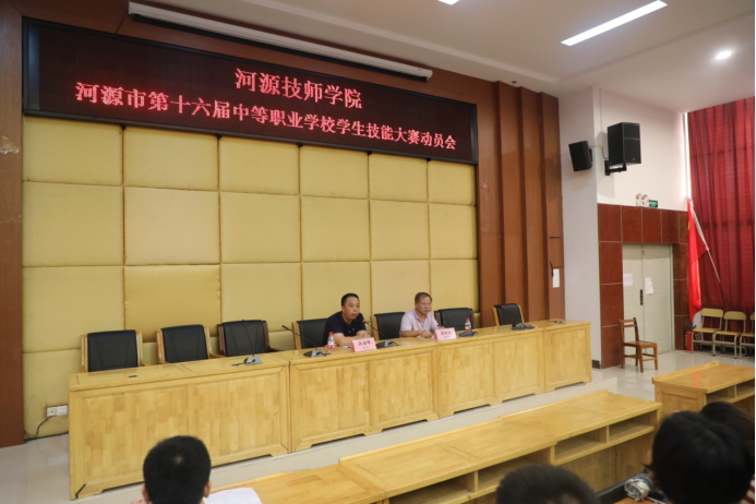 為更好地備戰(zhàn)河源市第十六屆中等職業(yè)學(xué)校學(xué)生技能大賽,再創(chuàng)佳績。2019年8月22日下午,我院在培訓(xùn)樓講學(xué)廳召開技能大賽動員會。學(xué)院黨委書記、院長張海鋒,副院長梁秋生,教務(wù)科副科長徐勇軍,各系主任、教學(xué)副主任及全體指導(dǎo)教師、備賽選手參加了會議。
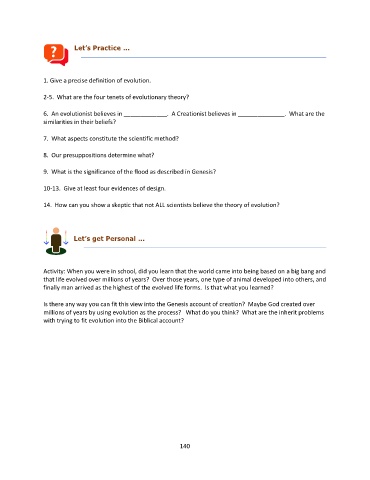 6. An evolutionist believes in _____________. A Creationist believes in ______________. What are the
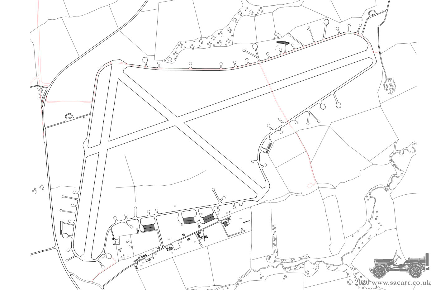 runways. The runway survives, but is severely overgrown, with large sections
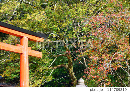 京都 美しい紅葉の吉田神社の境内(京都市左京区)
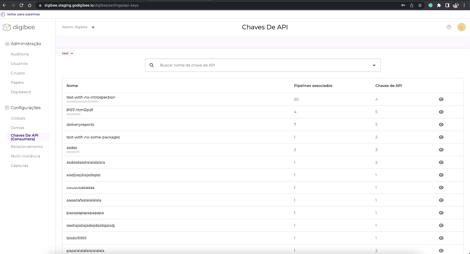 Criamos uma funcionalidade que permite que um usuário com permissão de apenas leitura tenha acesso à visualização de detalhes na página de Chaves de API ao clicar no ícone de olho.
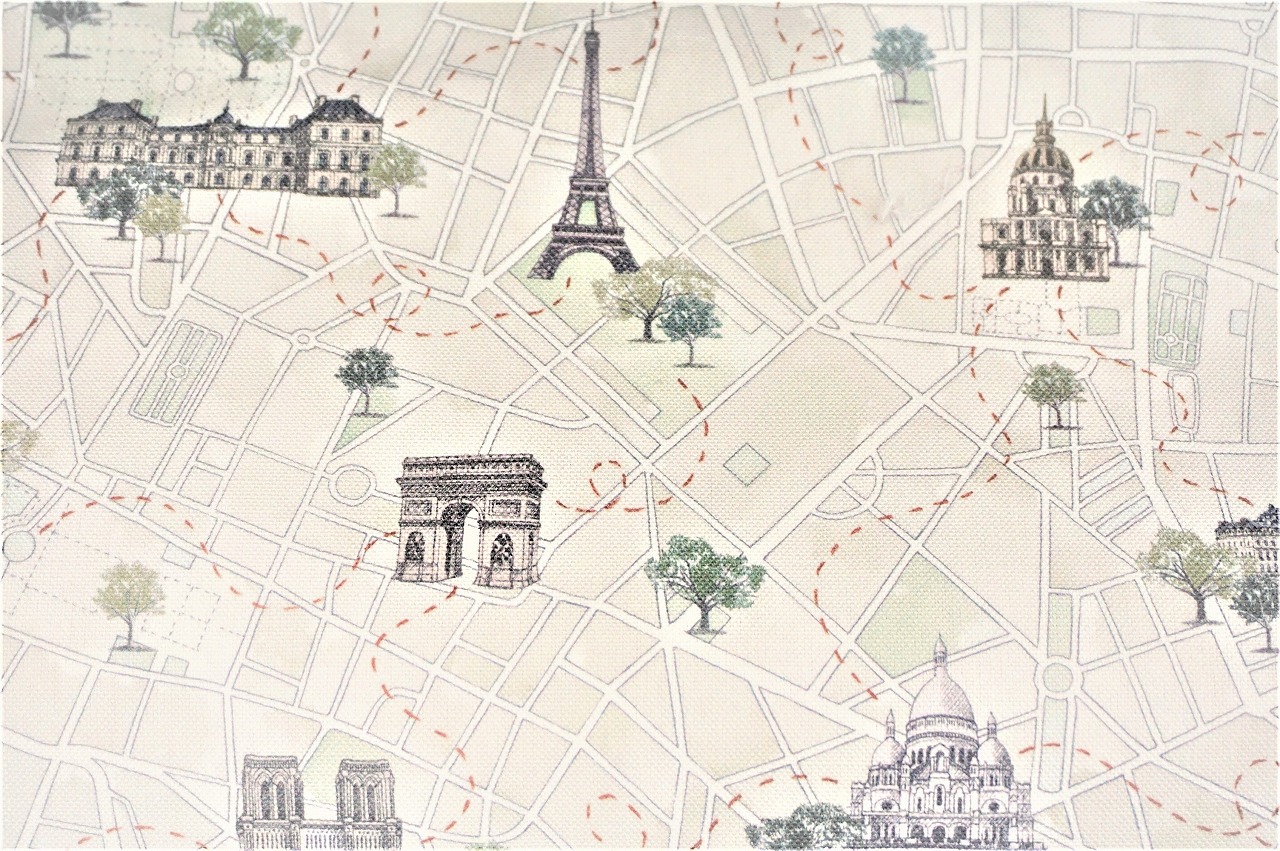 パリの主要観光名所がマップ上に描かれた、鉛筆タッチが優しい柄になります。凱旋門やエッフェル塔等パリ好きの方にはたまらない柄です!
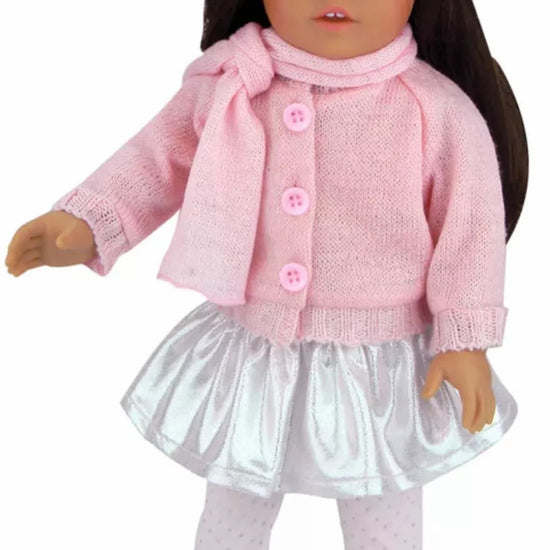 5 piece set comes complete with pastel pink cardigan, scarf, hat, white polka-dot leggings and a fabulous pleated metallic silver skirt.
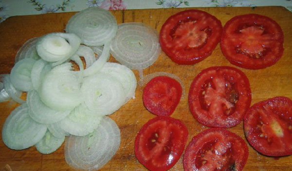 - Los tomates y las cebollas se cortan en aros, las zanahorias también se rallan en el mismo rallador.
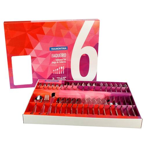 O Faqueiro Tramontina é totalmente feito em aço inox e serve até 6 pessoas. Altamente durável, mantém as características originais, preservando a beleza, a higiene e a durabilidade do material. Peças com polimento em alto brilho e detalhes em baixo relevo no cabo, valorizando seu design. Podem ser levadas, diariamente, à máquina de lavar louças.
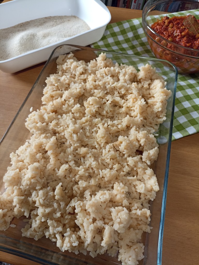 Fate cuocere il riso in acqua bollente salata, scolatelo e aggiungete poi il parmigiano grattugiato e il burro. Mescolate e trasferite il riso in una pirofila per farlo raffreddare.
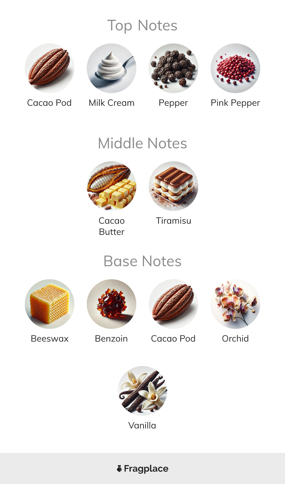 Tiramisù, from Tuttotondo was released in 2021. The perfumer behind this creation is unknown. It has the top notes of Cacao Pod, Milk Cream, Pepper, and Pink Pepper, middle notes of Cacao Butter and Tiramisu, and base notes of Beeswax, Benzoin, Cacao Pod, Orchid, and Vanilla.
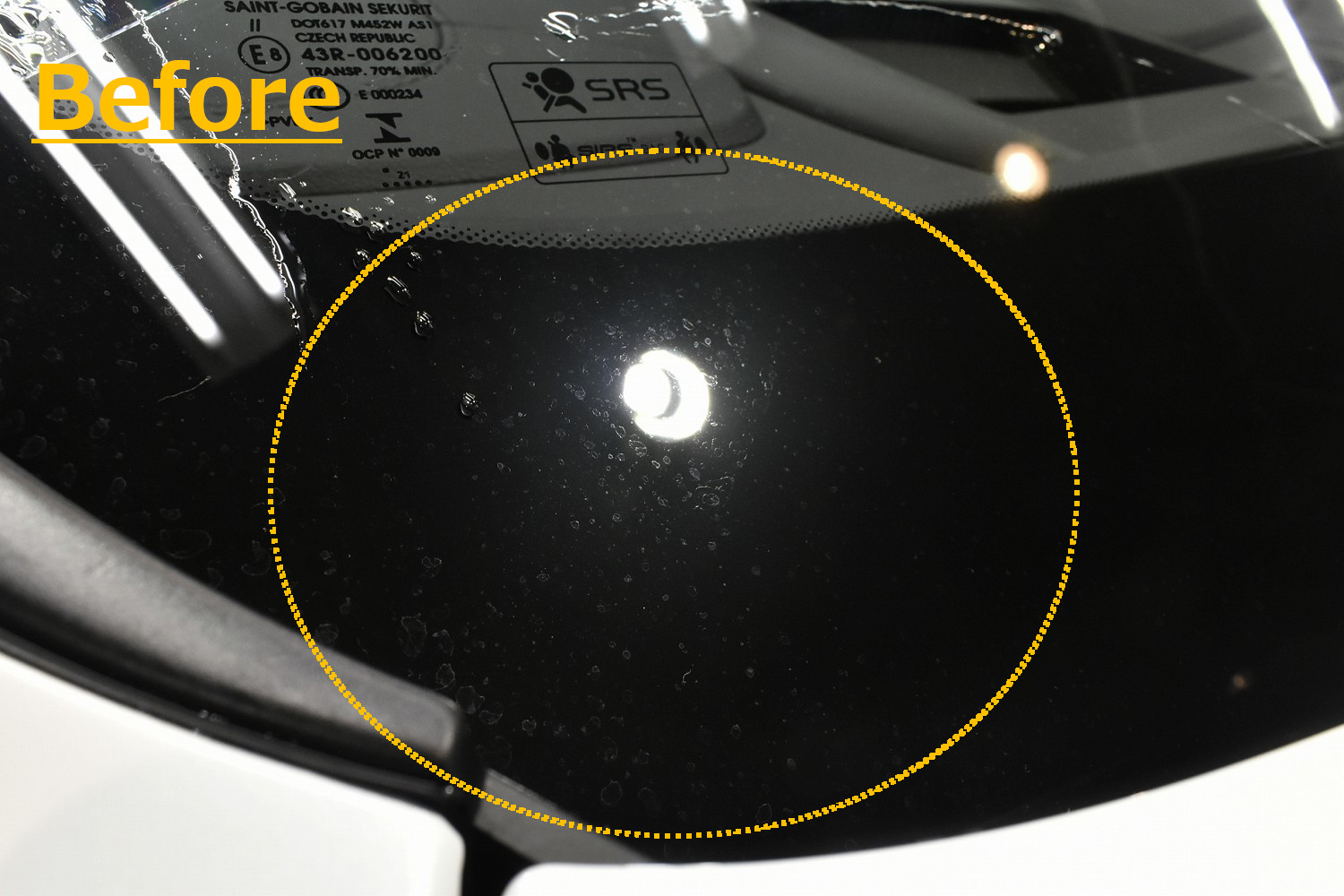 車の顔と言える箇所ですが、良く見ると雨染みが付着し簡単に取れないケースがあります。このような場所はケミカル剤や研磨により雨染みを除去します。
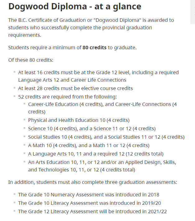 BC省的小学阶段是1-7年级,中学阶段是8-12年级,高中毕业需要修满80个学分,其中48个必修课,28个选修课,4个中学毕业过渡计划学分,通过三门省考并参加30小时的社区活动。如果满足毕业要求,最终会获得的高中毕业证为Dogwood Diploma.
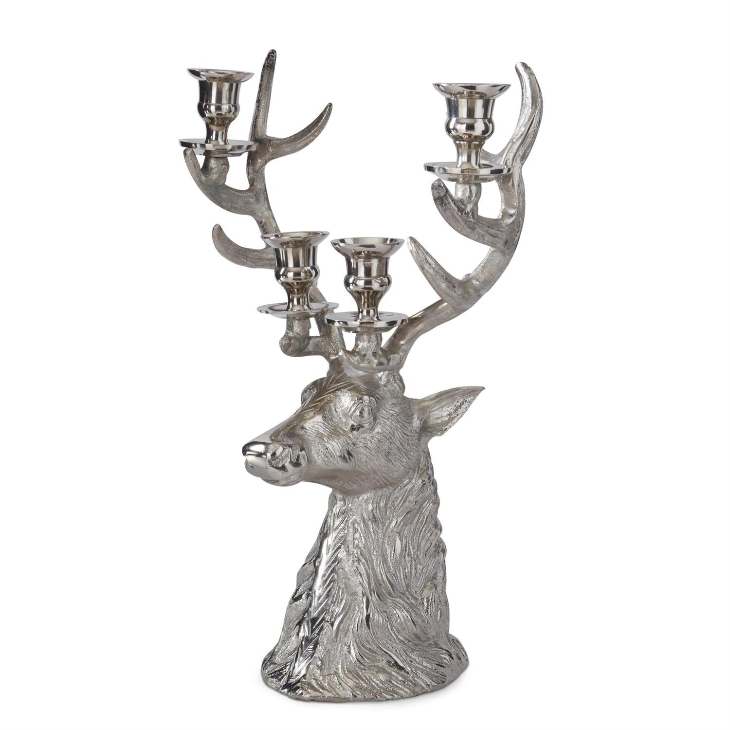 SILVER DEER BUST 4 TAPER CANDELABRA
--------
Instructions for the task:
Print out all the material above exactly as it appears, omitting the images.

Response area:
 為更好地備戰(zhàn)河源市第十六屆中等職業(yè)學(xué)校學(xué)生技能大賽,再創(chuàng)佳績。2019年8月22日下午,我院在培訓(xùn)樓講學(xué)廳召開技能大賽動員會。學(xué)院黨委書記、院長張海鋒,副院長梁秋生,教務(wù)科副科長徐勇軍,各系主任、教學(xué)副主任及全體指導(dǎo)教師、備賽選手參加了會議。
 6. An evolutionist believes in _____________. A Creationist believes in ______________. What are the
 runways. The runway survives, but is severely overgrown, with large sections
 京都 美しい紅葉の吉田神社の境内(京都市左京区)
 Criamos uma funcionalidade que permite que um usuário com permissão de apenas leitura tenha acesso à visualização de detalhes na página de Chaves de API ao clicar no ícone de olho.
 パリの主要観光名所がマップ上に描かれた、鉛筆タッチが優しい柄になります。凱旋門やエッフェル塔等パリ好きの方にはたまらない柄です!
 5 piece set comes complete with pastel pink cardigan, scarf, hat, white polka-dot leggings and a fabulous pleated metallic silver skirt.
 - Los tomates y las cebollas se cortan en aros, las zanahorias también se rallan en el mismo rallador.
 O Faqueiro Tramontina é totalmente feito em aço inox e serve até 6 pessoas. Altamente durável, mantém as características originais, preservando a beleza, a higiene e a durabilidade do material. Peças com polimento em alto brilho e detalhes em baixo relevo no cabo, valorizando seu design. Podem ser levadas, diariamente, à máquina de lavar louças.
 Fate cuocere il riso in acqua bollente salata, scolatelo e aggiungete poi il parmigiano grattugiato e il burro. Mescolate e trasferite il riso in una pirofila per farlo raffreddare.
 Tiramisù, from Tuttotondo was released in 2021. The perfumer behind this creation is unknown. It has the top notes of Cacao Pod, Milk Cream, Pepper, and Pink Pepper, middle notes of Cacao Butter and Tiramisu, and base notes of Beeswax, Benzoin, Cacao Pod, Orchid, and Vanilla.
 車の顔と言える箇所ですが、良く見ると雨染みが付着し簡単に取れないケースがあります。このような場所はケミカル剤や研磨により雨染みを除去します。
 BC省的小学阶段是1-7年级,中学阶段是8-12年级,高中毕业需要修满80个学分,其中48个必修课,28个选修课,4个中学毕业过渡计划学分,通过三门省考并参加30小时的社区活动。如果满足毕业要求,最终会获得的高中毕业证为Dogwood Diploma.
 SILVER DEER BUST 4 TAPER CANDELABRA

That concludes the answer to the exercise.